28.10.2010 | aktual.: 28.10.2010 09:04
Jeszcze we wtorek indeks testował ww. wsparcia, a w środę już zobaczyliśmy techniczne odbicie. Sam początek sesji nie zapowiadał takiego ruchu – WIG20 poruszał się na niewielkich minusach (2618 – 2629 pkt). Wybicie górą nadeszło około południa i indeks największych spółek po 13:00 zyskiwał już ponad 1%. Po południu zaczęły nadchodzić informacje, które przystopowały rozochoconą stronę popytową. RPP komunikatem o zmianie stopy rezerwy obowiązkowej o 50 pb (główna stopa pozostała bez zmian) dała sygnał ostrzegawczy przed możliwością zacieśniania polityki pieniężnej. Podobnego typu sygnały nadeszły z USA – pojawiają się komentarze o możliwości bardziej restrykcyjnego podejścia Fed do pomocy monetarnej, niż do tej pory było to sugerowane przed bank centralny USA. Rynki na takie doniesienia reagowały negatywnie i nastroje nieco się pogorszyły. O 14:30 doszło do publikacji zamówień na dobra trwałego użytku w USA, które generalnie wzrosły we wrześniu o 3,3%, ale w ujęciu core (bez środków transportu), bardziej
respektowanym, spadły o 0,8% (oczekiwania +0,4%). To dodało siły stronie podażowej, zwłaszcza na parkietach zachodnich, ale GPW też nieco ucierpiała i do końca sesji obserwowaliśmy tendencję zniżkową. Kupującym nie pomogły nawet niezłe dane o wrześniowej sprzedaży nowych domów w Stanach Zjednoczonych (307 vs prognoza 301 tys.) i WIG20 zamknął się 2642 pkt (+0,5%, przy obrotach niecałe 2,2 mld PLN.

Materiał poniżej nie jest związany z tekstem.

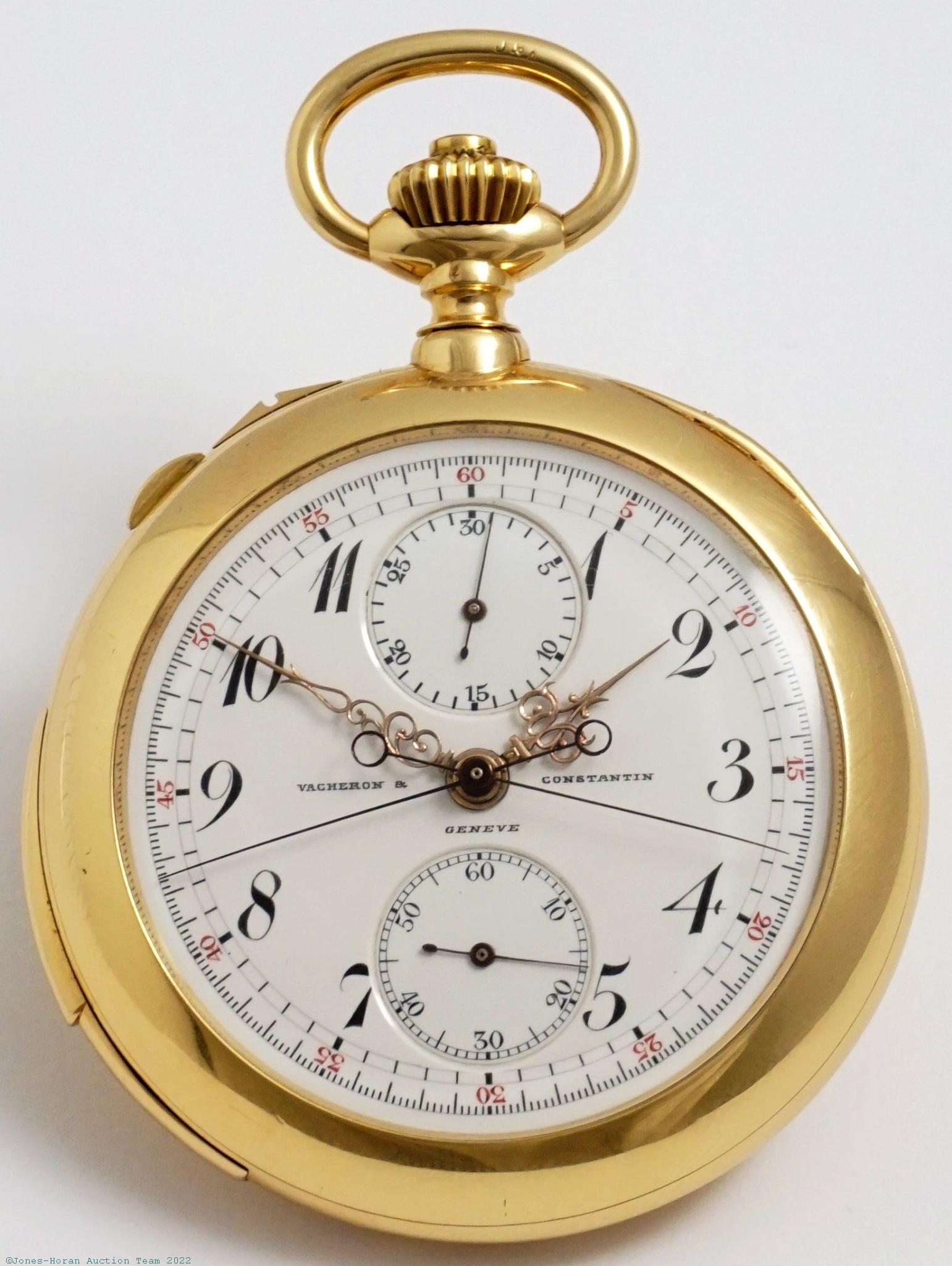 EPW - Vacheron & Constantin, Genève, minute repeater with split-seconds chronograph and 30-minute minute register, 49mm, 18K gold OF original case with small Jurgensen-style lips, slide on band at 11 to prevent chronograph activation, gold cuvette, white enamel DS dial, fancy gold Louis XV style hands, SW-SS, fully capped lever escapement with counterpoise, likely 33-39J, wheel satin nickel finish, s#318416. Gross weight of assembled watch 65.9 dwt (102.4 g).
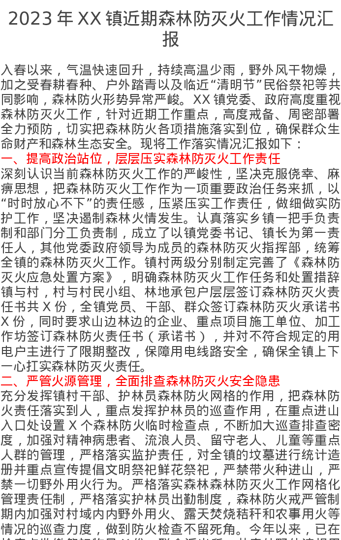 2023年XX镇近期森林防灭火工作情况汇报
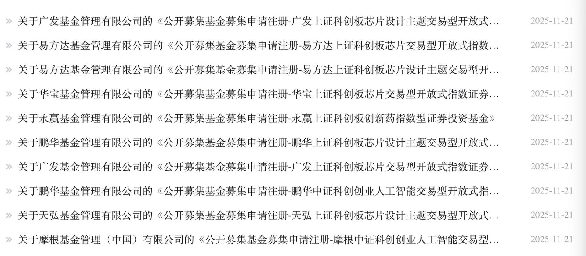 《每日经济新闻》记者获悉,11月21日晚间,证监会官网披露,多只科创板芯片类ETF以及首批科创创业人工智能ETF正式获批,有望吸引更多增量资金入市。
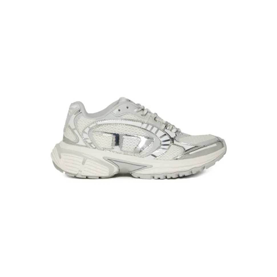 Diesel Pro V Dense Sneakers combineren een sportief bovenwerk van mesh met een ondersteunende rubberen zool voor comfort en dagelijks gebruik. De metallic logo-accenten en constructie maken ze een praktische keuze voor actief gebruik. Belangrijkste kenmerken: Zilver | Wit | Polyester en polyamide | Gedempte rubberen zool | Ademend bovenwerk van mesh | rubberen buitenzool | Vetersluiting | Metallic logo-accenten | Tweekleurige details | Bovenwerk van mesh | Afmetingen & pasvorm: Hakhoogte: 4,5 cm | Samenstelling & verzorging: Bovenkant: 75% polyester, 25% polyamide | Voering: 100% polyester | Buitenzool: 100% rubber | Reinigen met een zachte, droge doek. Niet in de wasmachine wassen. Vermijd het dragen in hevige regen.
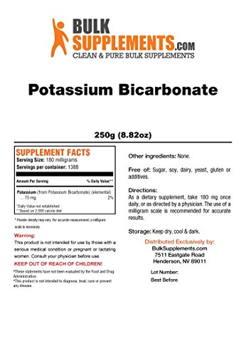 Studio : BulkSupplements Publisher : BulkSupplements Binding : Health and Beauty Product Description Potassium bicarbonate is a form of potassium that benefits heart, digestive, and muscular function. It helps regulate the body's pH balance and may also help relieve symptoms of potassium deficiency, such as muscle cramps, fatigue, and constipation. It is also used in the food industry as a buffering agent, in farming to neutralize acidic soil and prevent mildew growth, and as a fire suppression agent. 0

Po długo wyczekiwanym ożywieniu w środę popyt pokazał na co go stać. Przy udziale znacznego kapitału, dzięki któremu obrót po sesji wyniósł 2,6 mld zł, byki ustanowił nowy szczyt tygodnia. Atak popytu sprawił, że opór w postaci 45 819 pkt został pokonany, co otworzyło drogę do testu szczytu miesiąca. Na wykresie dziennym ukształtowana została biała świeca z minimalnymi cieniami, umiejscowiona powyżej poprzedniej. W układzie wskaźnikowym sytuacja uległa poprawie. Wszystkie oscylatory zwyżkowały, chociaż skala wzrostu nie była imponująca. Nie mniej jednak, wzrost indeksu szerokiego rynku przy zaangażowaniu znacznego kapitału sugeruje zmianę nastawienia rynku na pozytywne, a w szerszym terminie umożliwia pokonanie ostatnich maksimów całej fali wzrostowej. Niestety do pełni szczęścia brakuje potwierdzenia ze strony ADX, który w skutek dwóch tygodni konsolidacji notuje poziomy bliskie 20 pkt, ponownie podkreślając ruch boczny.